Or is the article just more feminist self loathing?
My wife at 64 is not invisible.
Nope. Nope, nope, nope.
Meade, sometimes women use subtlety and intrigue to get their points across.
This is not one of those times.
Are we running out of taboos to break?
Always an exception to the rule...some of the most beautiful women I've known were 50-60...
The final photo, “Bebe in the Blue Room," could be an Edward Hopper painting. The model even looks a good bit like his wife, Jo Hopper -- “every woman in every Hopper painting from 1923 until his death in 1967.”
I've heard many a time how problematic it is for men to sexualize women. That wicked male gaze and all. Yet the subtext here seems to be it's a problem when men stop sexualizing women as they age. I take it that's a variation on it's better to be rejected (or is it hated?) than ignored.
This is also one of those things that has the exact opposite of the intended effect. Maybe it feels empowering to the women involved in the project, but to me it looks like a desperate attempt for validation. Which is particularly sad for anyone over the age of 50.
Having glanced over the article, I noticed all the women in the photos appear to be white. That's a prime cancelling offense right there. I hope Jocelyn Lee is prepared for that potentiality.
Is nakedness invisibility's opposite?
Nakedness sounds more like desperation to me.
https://www.musee-rodin.fr/en/musee/collections/oeuvres/she-who-was-helmet-makers-once-beautiful-wife
I think that "The Book of Jerry" is all one needs in life.
"there is good naked and bad naked."
https://youtu.be/Wx5ZVgxH0zE
John LGBTQBNY Henry
Gospace said...Is Christie Brinkley the exception that proves the rule?
Look at her hands. As someone who was a fan as a ten year old I was disturbed by her being involved with John Mellencamp, because she looked so good and he's a jerk. Then a co-worker pointed out her granny hands and all was suddenly okay.
I look forward to the future where people can look like whatever whenever they want.
Being sexually attractive and able to reproduce is a core biological drive. It makes people happy and there are good reasons for it.
Hormone replacement therapy works very well for women too.

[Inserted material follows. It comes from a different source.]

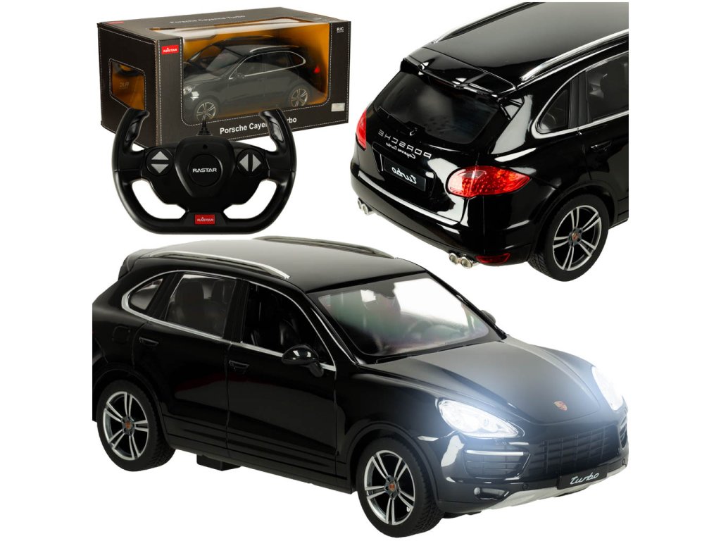 Fedezze fel a távirányítós vezetés izgalmát a Porsche Cayenne Turbo modellel Rastartól! Ez az elegáns fekete SUV 1:14 méretarányban hű reprodukciója az ikonikus járműnek – a precízen reprodukált Porsche logótól a valósághű fényszórókon át a jellegzetes sziluettig és az eredeti jármű részleteiig.
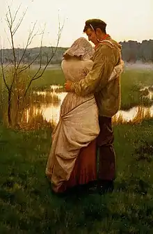 Many of W.H. Gore’s rural paintings display a nostalgic view of the nearby Kennet Valley and the surrounding Berkshire countryside. The influence of the French Barbizon School of realism and in particular the work of Jean-François Millet and François-Louis Français is evident in his work. The heyday of the Barbizon School was over by c 1870 but Gore incorporates some of the prominent features of the French school in the use of: colour, softness of form and in tonal qualities.[6] Two works by Millet The Angelus a painting of two figures standing during a contemplative moment and The Gleaners the latter portraying the figures toiling in the landscape were well known to late Victorians and their symbolic content influenced Gore in his depiction of rural life.[7] Paintings from the 1880s such as: Listed from the Guildhall collection in London and a watercolour In The Gloaming are intimate portrayals of Late Victorian romantic painting. Listed (sic) depicts two young lovers in sad reflection of the prospect of a young man joining up with his regiment. The ribbons in his cap refer to the custom of new recruits wearing their regimental colours to denote their willingness to be shot at for sixpence a day.[8] The pathos of the idea expressed moved H. Stacy Marks, R.A., who was a member of the Council of the Royal Academy, to tears such was its effect on his sensibilities. Marks reaction provides an insight into the mind-set of many Victorians.[9] In The Gloaming sees two lovers by the River Kennet in tender proximity to each other. These were themes that Gore returned to throughout his painting career.

Age gets all of us, men and women alike.
Lance said...
Are we running out of taboos to break?
What taboo are you talking about?
What dreadful photos. Dreadful in the sense that they're just bad art. They say nothing. Nothing is done in the photos to frame the naked bodies or make them interesting. They don't even feel like the focus of the photos - they're just rooms or scenery which happen to have old naked women in them. If that's actually what she was trying to do, fair enough, but if one is going to complain about the alleged invisibility of older women, why make art that purposefully accentuates that invisibility?
Is it safe to say feminist complaints about 'invisibility around age 50' wouldn't get attention without a disproportionate number of age 40-60 feminists in positions to influence cultural messaging?
The other end of the Balthus spectrum.
Gather ye rosebuds while ye may,
Old Time is still a-flying;
And this same flower that smiles today
Tomorrow will be dying.
Whenever I see an article that offers up something unapologetically I have a feeling I'm not going to want to stroll down that street.
My wife is most definitely not invisible. I can guarantee you that I am much more invisible than she. Though I work at it.
I think women can be beautiful at all ages. I mean, real women. Ones with vaginas that came with the manufacturers original equipment. Though I'm sure there are some trans-women who are beautiful. And I'm sure there's some unapologetic pictorial giving us that show as well. And by all ages I don't mean under...well...I'd better not even list an age or I'll become even more suspect. Let me start over...
I think that all women are all beautiful...(grumble, mumble...off)
This male became invisible at 45. I knew it when it first happened. I walked by a small cluster of stores in my then neighborhood, a place where "kids" would hang out, and no one noticed or said anything. Not even a head turned.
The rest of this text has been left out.